JPH0112900Y2 - - Google Patents

Description

[Detailed description of the invention] The present invention relates to a running cutting device that automatically cuts a running pipe into predetermined dimensions while a cutting machine moves in synchronization with the running speed of the running pipe fed out from a pipe-making machine. be.

This type of running cutting device generally transports the running tube (workpiece) using rolls, so the running speed fluctuates widely, and the cutting machine cannot synchronize with the speed of the running tube, resulting in variations in cut length. arise. This is because in pipe manufacturing equipment, tensile force is applied by rotation of rolls that come into pressure contact with the pipe body, but slippage of the rolls causes variations in the tensile force, resulting in variations in the feed speed of the running pipe.
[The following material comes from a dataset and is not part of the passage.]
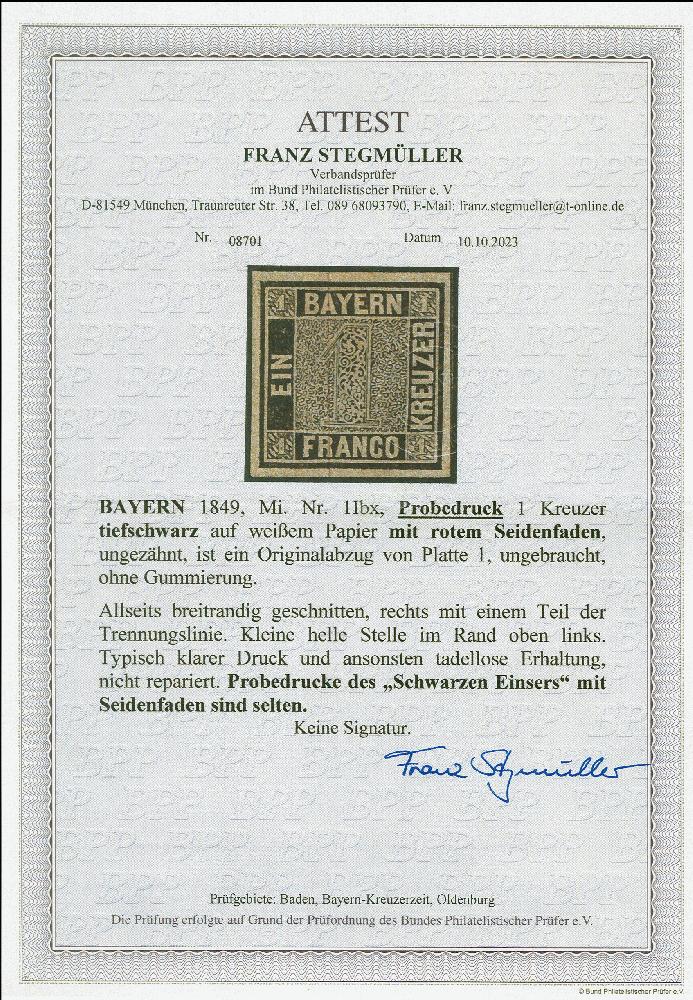 | Zusatzinformationen und Suchstichworte: | 383. Auktion Heinrich Köhler 14.–15. & 18.–23. März 2024 Los 3694 Altdeutschland Bayern 1 Kr., Probedruck in tiefschwarz mit rotem Seidenfaden, ungebraucht, farbfrisch und allseits breitrandig, oben links etwas randhell, sonst tadellose und frische Erhaltung. Fotoatteste Brettl BPP (1979) und Stegmüller BPP (2023 Ausruf 1.500,00 EUR |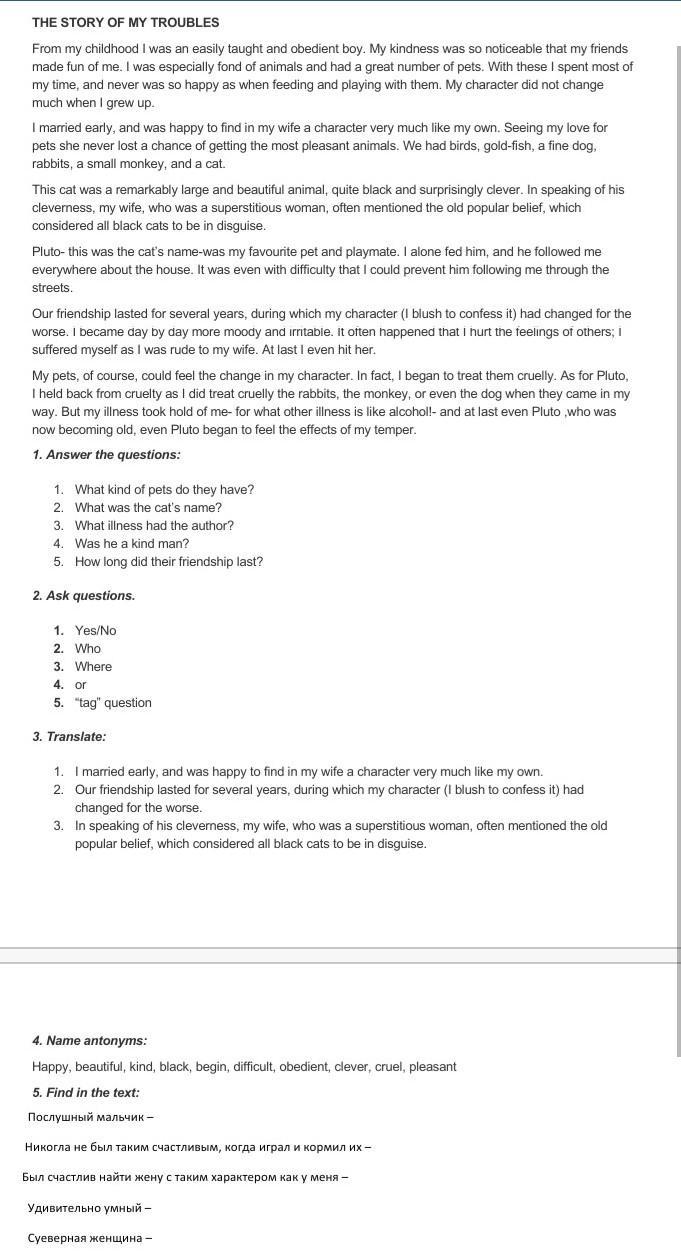 3. Говоря о его сообразительности, моя жена, которая была суеверной женщиной, часто упоминала старое популярное убеждение, в котором считалось, что все чёрные кошки замаскированы.

Based on the occurrence of In addition, even if a running pipe running speed detector is installed, such tensile force may occur instantaneously and then disappear, so even if the sudden speed change can be detected, the drive motor will not respond immediately. This is due to unavoidable circumstances.

Therefore, the purpose of the present invention is to eliminate the variation in cutting length in such a running cutting device, and to regulate the running speed of the running pipe.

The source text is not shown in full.